* [WHAT TO DO] Below are the records; give again exactly the lines from the one containing "1、仔细观察场景里的各类物品" through the one containing "Experience ultimate comfort", leaving out pictures.

* [SOURCE MATERIAL]

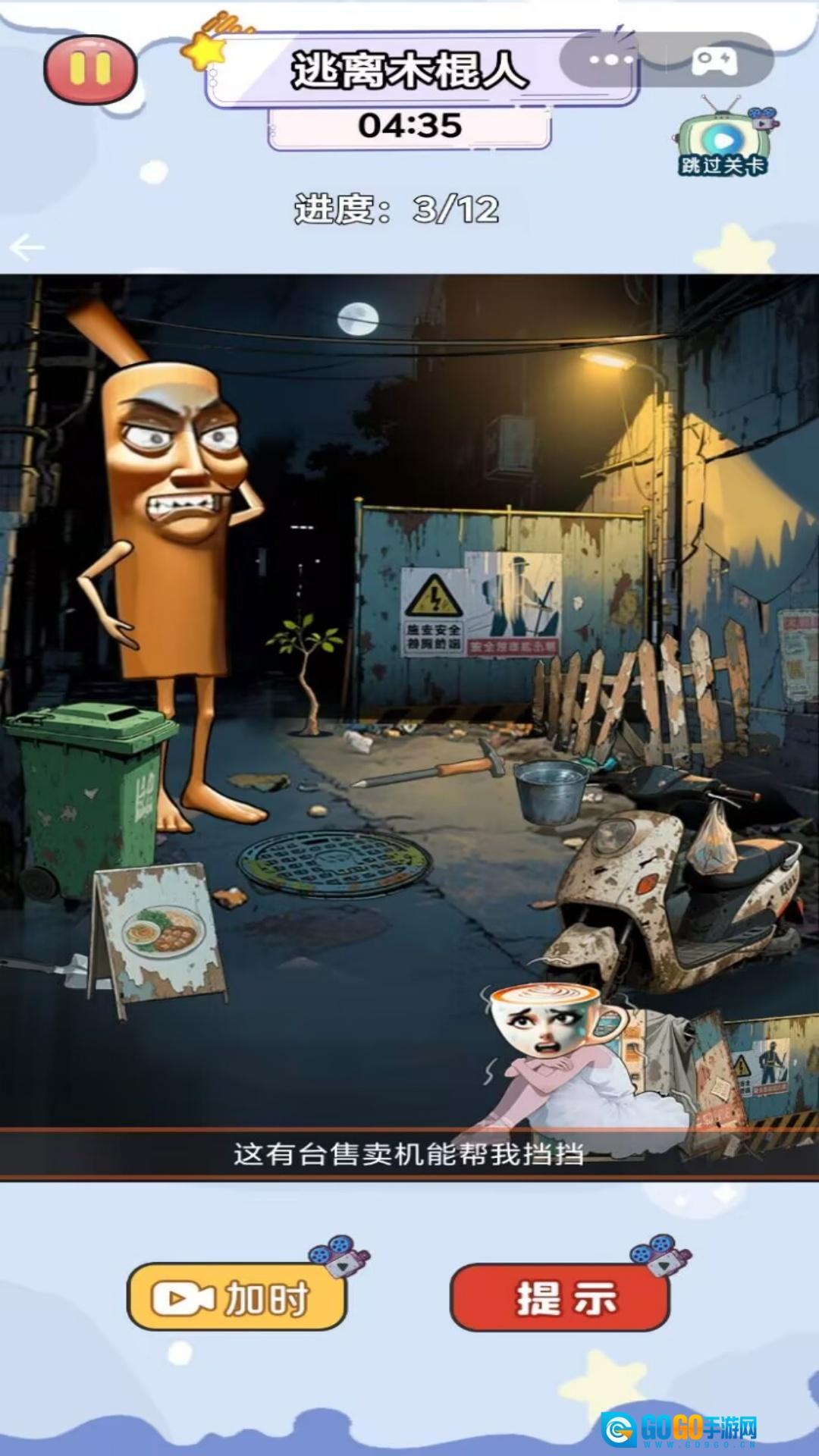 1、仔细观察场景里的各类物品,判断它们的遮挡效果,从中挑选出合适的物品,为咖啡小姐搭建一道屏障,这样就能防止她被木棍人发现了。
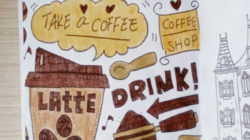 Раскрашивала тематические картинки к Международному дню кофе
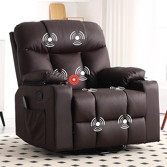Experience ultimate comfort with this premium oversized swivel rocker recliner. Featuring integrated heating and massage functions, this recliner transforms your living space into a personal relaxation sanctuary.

--

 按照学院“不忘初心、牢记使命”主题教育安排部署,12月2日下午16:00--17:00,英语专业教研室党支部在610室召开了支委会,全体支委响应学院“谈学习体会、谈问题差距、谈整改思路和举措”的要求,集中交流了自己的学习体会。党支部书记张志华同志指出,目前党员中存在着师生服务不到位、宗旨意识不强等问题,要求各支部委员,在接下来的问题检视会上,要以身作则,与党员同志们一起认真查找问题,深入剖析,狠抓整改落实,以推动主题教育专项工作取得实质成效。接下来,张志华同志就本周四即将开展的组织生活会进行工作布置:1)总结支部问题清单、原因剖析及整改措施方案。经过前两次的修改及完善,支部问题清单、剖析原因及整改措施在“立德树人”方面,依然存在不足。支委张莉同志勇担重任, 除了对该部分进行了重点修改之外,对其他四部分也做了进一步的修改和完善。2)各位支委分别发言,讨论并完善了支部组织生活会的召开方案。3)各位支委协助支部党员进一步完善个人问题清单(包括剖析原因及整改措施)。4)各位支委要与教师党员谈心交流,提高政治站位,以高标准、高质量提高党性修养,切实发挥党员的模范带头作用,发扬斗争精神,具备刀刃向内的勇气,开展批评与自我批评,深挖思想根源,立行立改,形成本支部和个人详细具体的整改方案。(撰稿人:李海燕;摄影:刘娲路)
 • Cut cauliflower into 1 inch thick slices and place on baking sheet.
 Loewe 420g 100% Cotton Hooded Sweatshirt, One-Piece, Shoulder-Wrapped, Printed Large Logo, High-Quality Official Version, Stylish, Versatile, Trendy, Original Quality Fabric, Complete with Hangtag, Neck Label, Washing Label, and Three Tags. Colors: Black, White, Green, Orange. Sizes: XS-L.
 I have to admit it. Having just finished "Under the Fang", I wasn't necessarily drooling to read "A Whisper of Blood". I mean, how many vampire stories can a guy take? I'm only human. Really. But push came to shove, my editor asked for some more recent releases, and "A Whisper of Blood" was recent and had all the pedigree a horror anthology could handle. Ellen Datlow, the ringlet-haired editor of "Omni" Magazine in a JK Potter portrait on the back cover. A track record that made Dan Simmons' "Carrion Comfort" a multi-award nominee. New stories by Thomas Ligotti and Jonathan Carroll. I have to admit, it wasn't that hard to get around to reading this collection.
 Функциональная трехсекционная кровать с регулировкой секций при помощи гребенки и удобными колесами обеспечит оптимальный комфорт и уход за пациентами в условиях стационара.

* [WRITTEN RESPONSE]
 1、仔细观察场景里的各类物品,判断它们的遮挡效果,从中挑选出合适的物品,为咖啡小姐搭建一道屏障,这样就能防止她被木棍人发现了。
 Раскрашивала тематические картинки к Международному дню кофе
Experience ultimate comfort with this premium oversized swivel rocker recliner. Featuring integrated heating and massage functions, this recliner transforms your living space into a personal relaxation sanctuary.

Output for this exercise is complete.